Problem
Would you transcribe only the lines below, from the one containing "Столбчатый (на сваях)" through the end of the material, exactly and with no pictures?

Listed entries

========

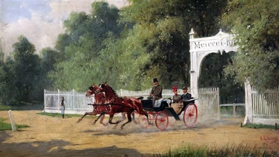 Heinrich Gottfried Wilda ( 1862 - 1911 ) was an Austrian painter. Heinrich Gottfried Wilda s works have been put up for auction numerous times, with realized prices surpassing estimated prices, varying from 351.4 USD for A carriage driving through the park in 2009 to 2914.65 USD for 3 CARRIAGE SCENES in 2011 , based on the size and medium of the artwork.
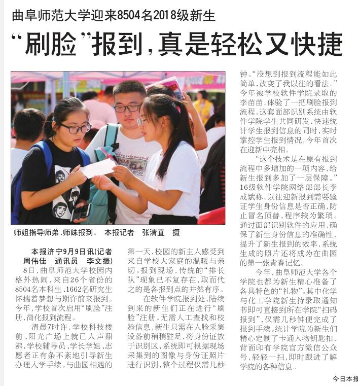 《齐鲁晚报》报道链接:http://jryh.qlwb.com.cn/2018/0910/1340628.shtml
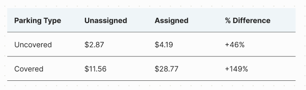 When setting your parking rates, be sure to account for whether your spaces are assigned vs. unassigned. In a 2024 study conducted by Neighbor.com, the data showed that assigned parking is typically charged at higher rates, regardless of whether it’s covered or uncovered parking (based on the raw averages – see below).
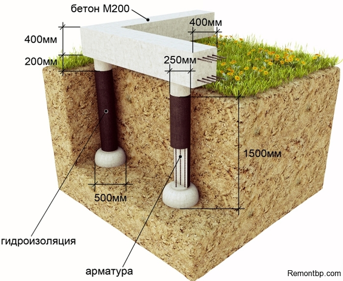 Столбчатый (на сваях) – подойдет для зданий, в основе которых лежат стены со сравнительно лёгкими конструкциями. Главными элементами таких фундаментов считаются кирпичные, железобетонные либо же каменные сваи. Этот вид фундамента самый бюджетный, не требующий значительных капиталовложений.
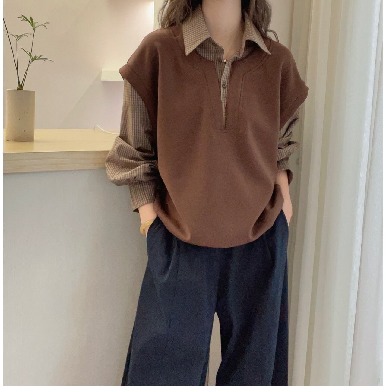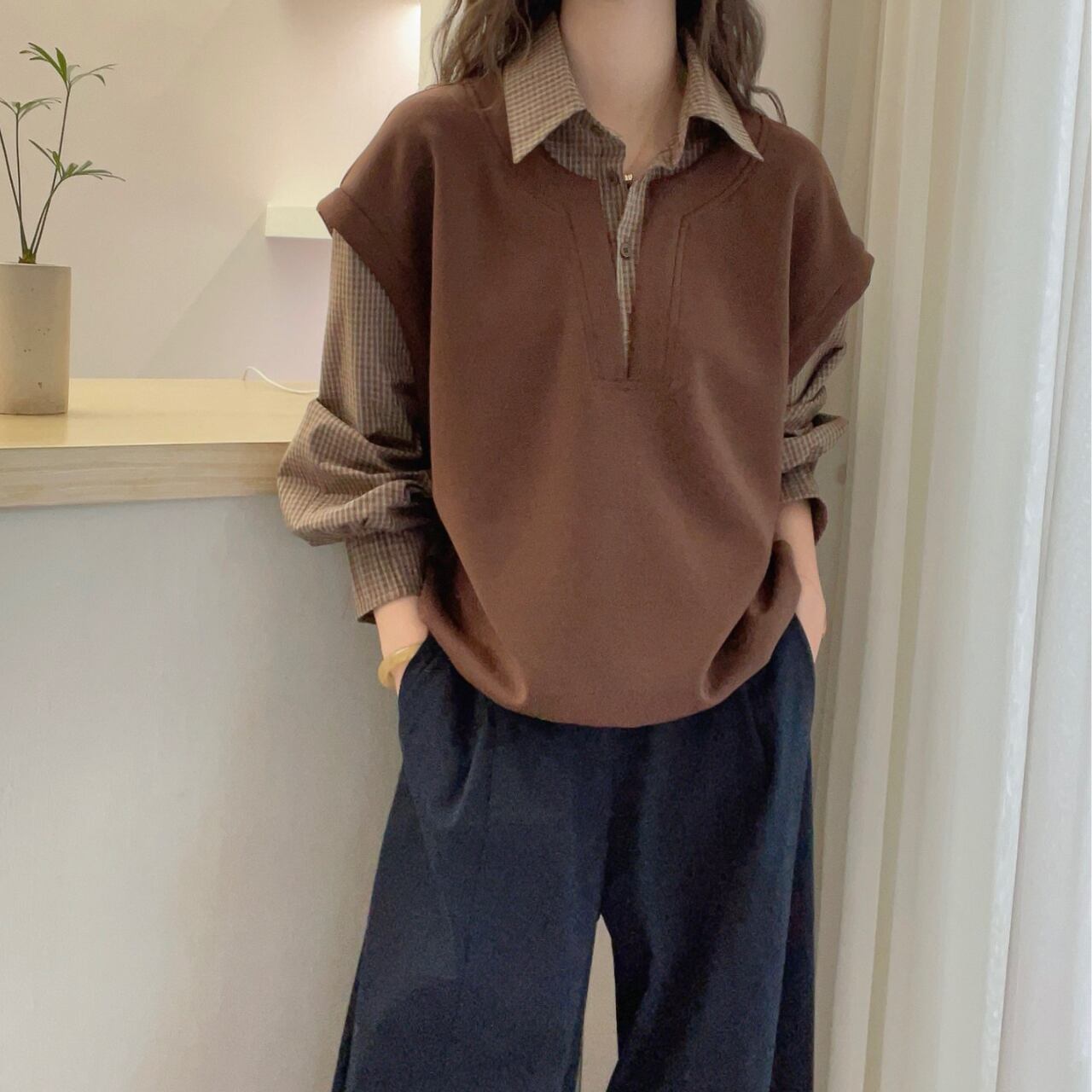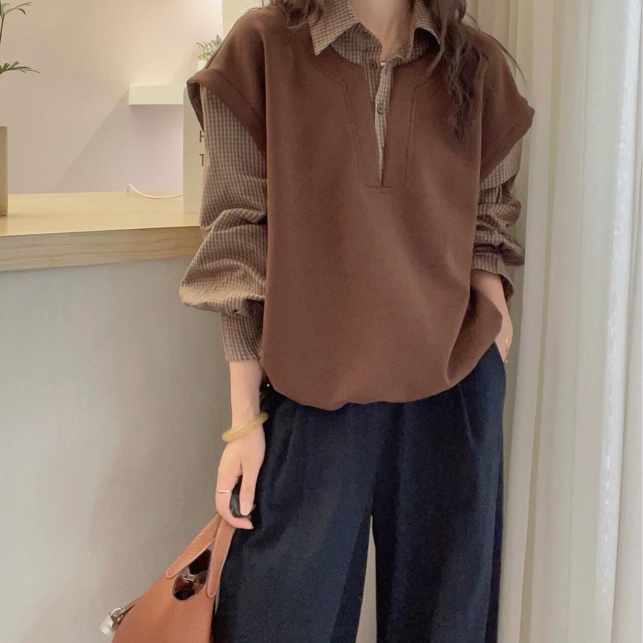 カジュアルながらも、どこか上品さを感じさせる一着。
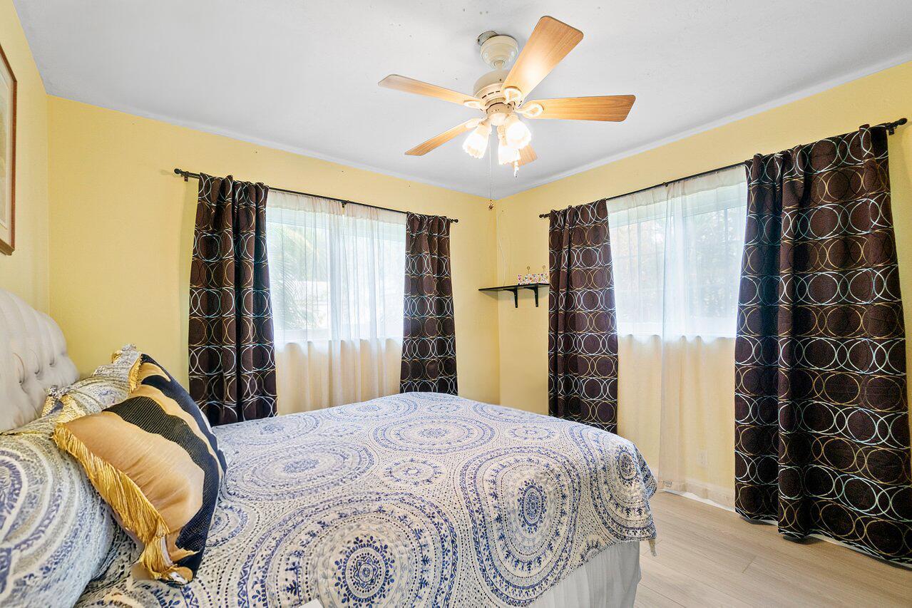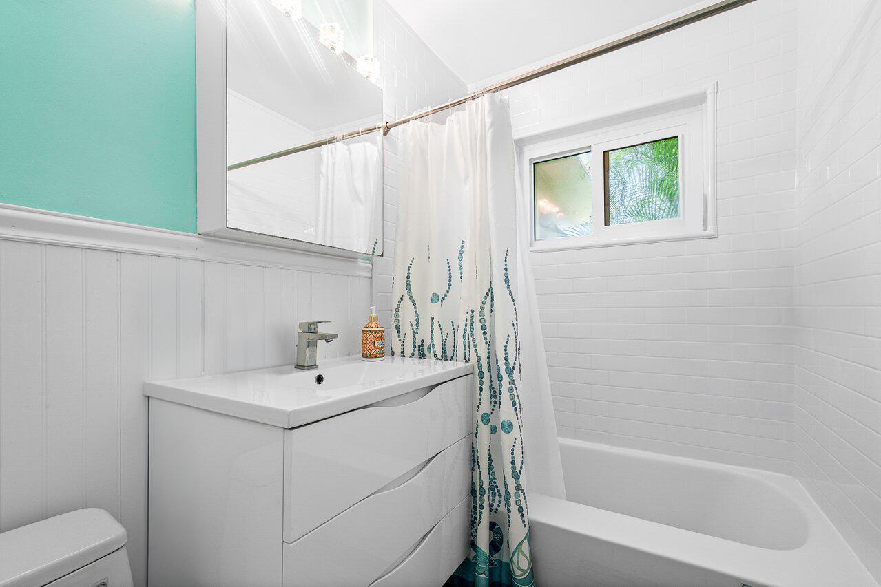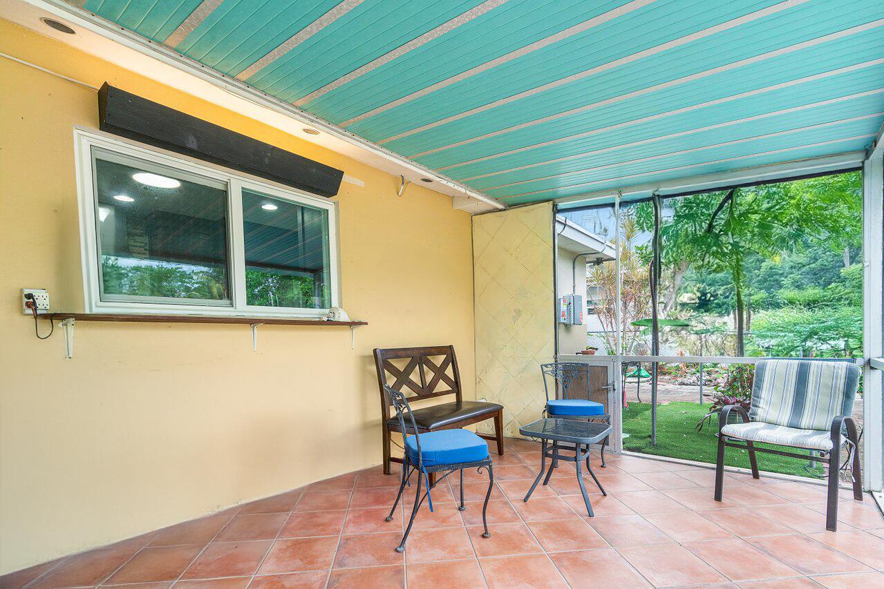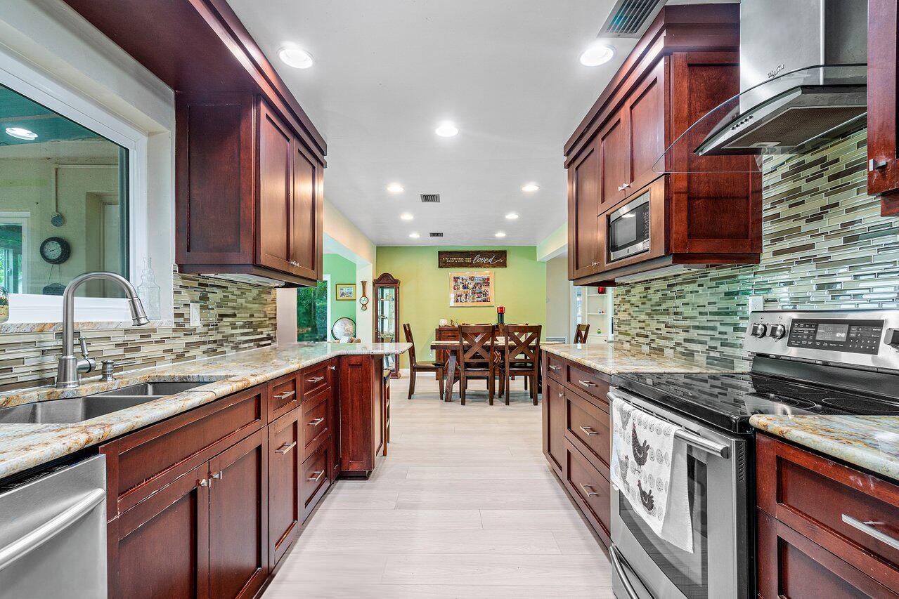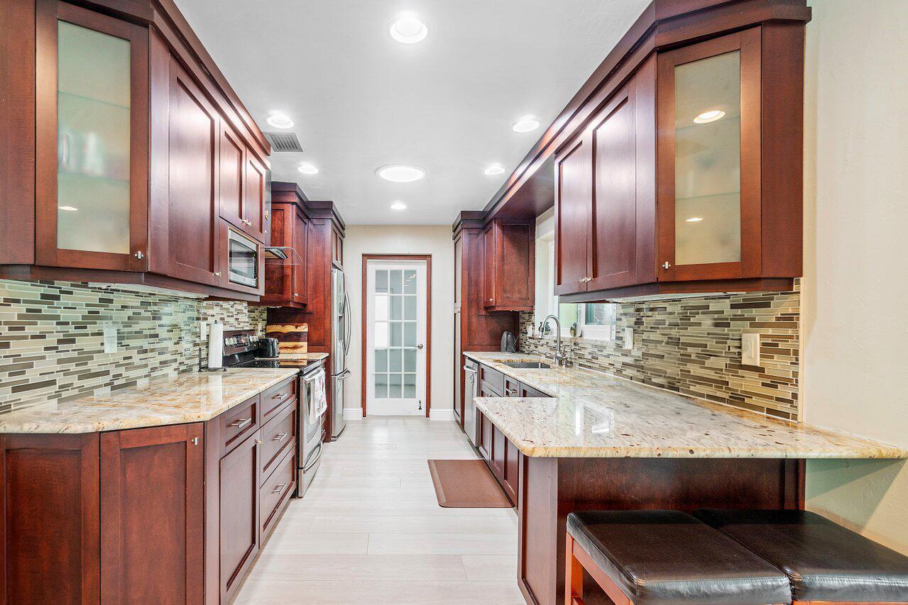 Situated on a tropical lot in East Boca just a 3-4 minute drive to the beach, this charming one-story ranch-style home is a true oasis, centrally located and surrounded by lush, vibrant landscaping. A circular driveway welcomes you, leading to a cozy front porch where you can relax and take in the sunny southern views. Inside, the open-concept granite kitchen features stainless steel appliances, an abundance of cabinetry, and a functional utility room with laundry and ample storage, all seamlessly connecting to a one-car garage. The beautifully designed backyard is a tropical paradise, perfect for entertaining or unwinding, with a spacious screened-in lanai that overlooks the serene setting. The home offers a large family room and dining area that flow effortlessly into the outdoor

========

Task output
 Столбчатый (на сваях) – подойдет для зданий, в основе которых лежат стены со сравнительно лёгкими конструкциями. Главными элементами таких фундаментов считаются кирпичные, железобетонные либо же каменные сваи. Этот вид фундамента самый бюджетный, не требующий значительных капиталовложений.
 カジュアルながらも、どこか上品さを感じさせる一着。
 Situated on a tropical lot in East Boca just a 3-4 minute drive to the beach, this charming one-story ranch-style home is a true oasis, centrally located and surrounded by lush, vibrant landscaping. A circular driveway welcomes you, leading to a cozy front porch where you can relax and take in the sunny southern views. Inside, the open-concept granite kitchen features stainless steel appliances, an abundance of cabinetry, and a functional utility room with laundry and ample storage, all seamlessly connecting to a one-car garage. The beautifully designed backyard is a tropical paradise, perfect for entertaining or unwinding, with a spacious screened-in lanai that overlooks the serene setting. The home offers a large family room and dining area that flow effortlessly into the outdoor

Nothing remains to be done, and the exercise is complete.